What I have is the following 'formula' : < +2 or -3 > (for example).
One can 'add 2 to' or 'substract 3 from' a starting digit recursively to form a next digit and add that digit to the the output. Then you can use the new digit for the next iteration.
So when the start digit is 1, that will be added tot the empty output, so the output will then be '1', then the only posibility is to add 2 to 1, so the next digit is 3, which will be added to the output, making the output '13' from here, the next posibility is again an add action, so the next digit will be 5, and the output will be '135', after this moment there are 2 possibilities, to add again so the next digit will be 7, another way is to substract 3 so the next digit will be 2, so the output can be '1357' or it can be '1352', etc.

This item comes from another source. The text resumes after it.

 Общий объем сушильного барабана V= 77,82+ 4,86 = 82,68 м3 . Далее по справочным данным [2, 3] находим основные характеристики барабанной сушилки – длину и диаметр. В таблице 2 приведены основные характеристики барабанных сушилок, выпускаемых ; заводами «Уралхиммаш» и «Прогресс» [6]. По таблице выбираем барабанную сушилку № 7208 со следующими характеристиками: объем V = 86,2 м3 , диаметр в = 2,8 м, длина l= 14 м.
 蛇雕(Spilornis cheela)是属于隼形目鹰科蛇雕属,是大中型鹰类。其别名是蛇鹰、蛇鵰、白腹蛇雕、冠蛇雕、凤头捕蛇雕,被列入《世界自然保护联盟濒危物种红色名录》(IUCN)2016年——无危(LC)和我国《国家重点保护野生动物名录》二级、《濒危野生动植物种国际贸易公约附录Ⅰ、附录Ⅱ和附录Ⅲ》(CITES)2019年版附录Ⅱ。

The restrictions are not so complicated, one can only use the digits 1 to 9, and one can never reach the same digit within the same solution.

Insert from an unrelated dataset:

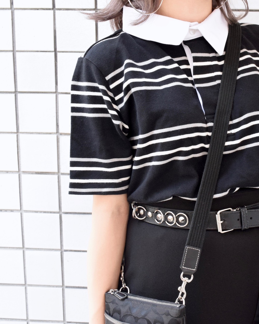 WHITE COLLAR BORDER POLO SHIRTS(black)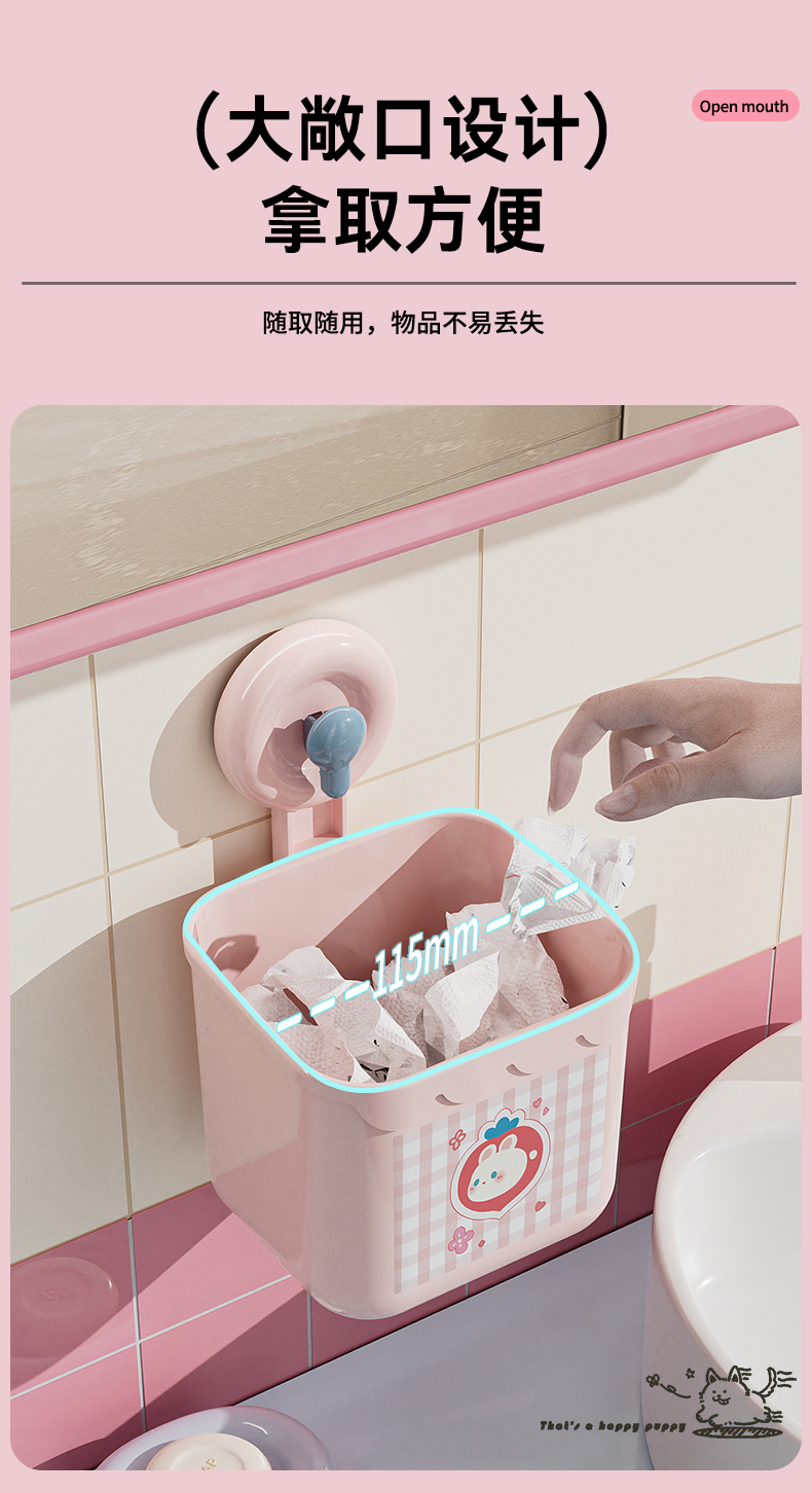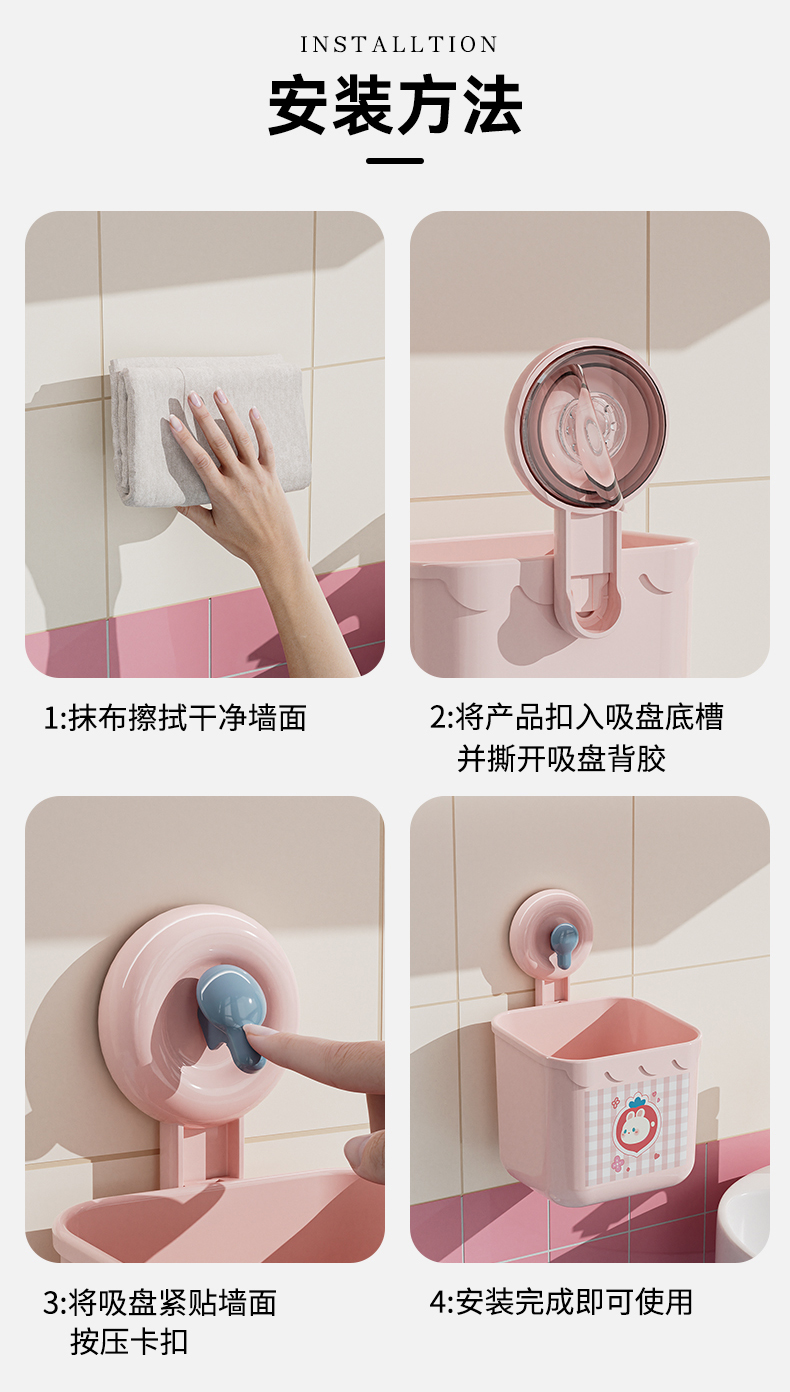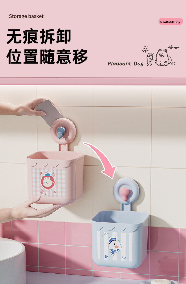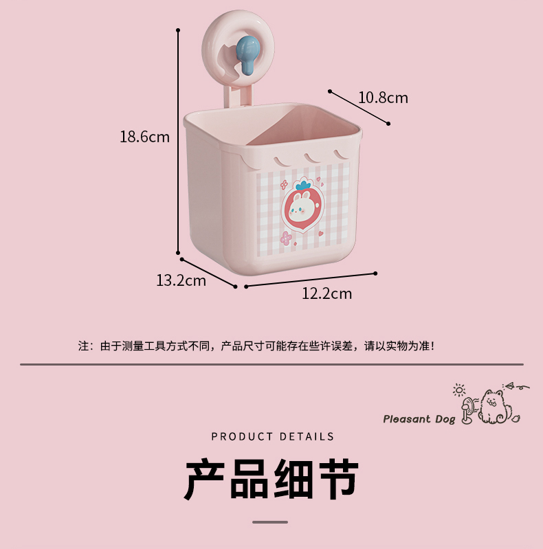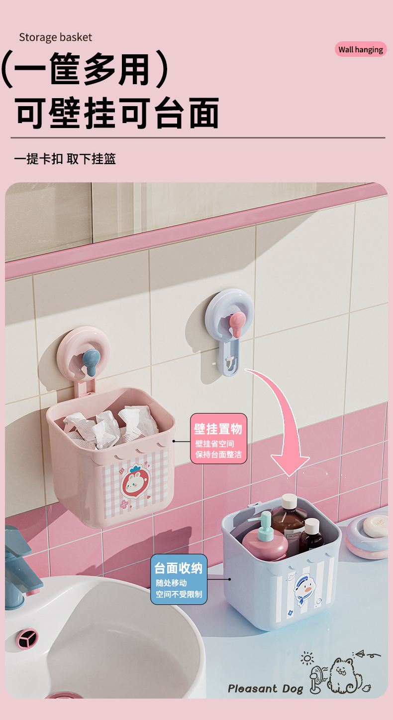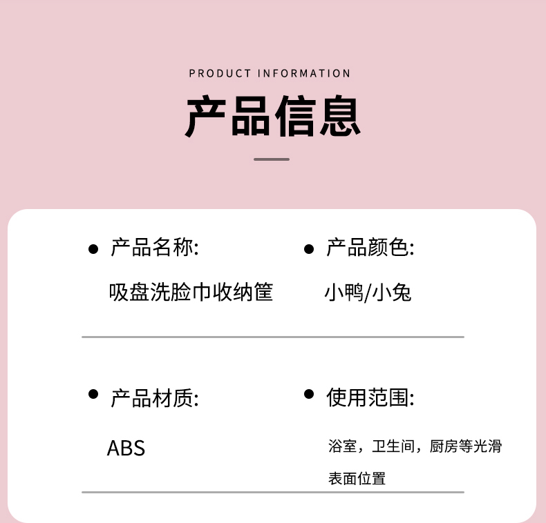 商品名称: 吸盘式洗脸巾镂空收纳筐 多用厨房卫浴收纳盒--粉色小兔

What I want to find is all possible combinations with a certain starting digit.
To find the first combination I add 2 to the previous digit as long as possible, and then try to substract 3, going back to adding 2, with the restriction that you can not use the same digit again, it gives:
1 + 3 + 5 + 7 + 9 + 6 + 8 -> (4 times add 2, 1 time substract 3, and 1 time add 2)
But the second (starting with an 1) will be:
1 + 3 + 5 + 7 + 4 + 6 + 8 -> (3x +2, 1x -3, and 2x +2)
and the third solution will be
1 + 3 + 5 + 2 + 4 + 6 + 8 -> (2x +2, 1x -3, and 3x +2)
so I find 3 solutions, all with a length of 7, doing this with only my brains :
'1357968', '1357468', '1352468'
As far as I see, there are 3 possibilities when starting with a 1.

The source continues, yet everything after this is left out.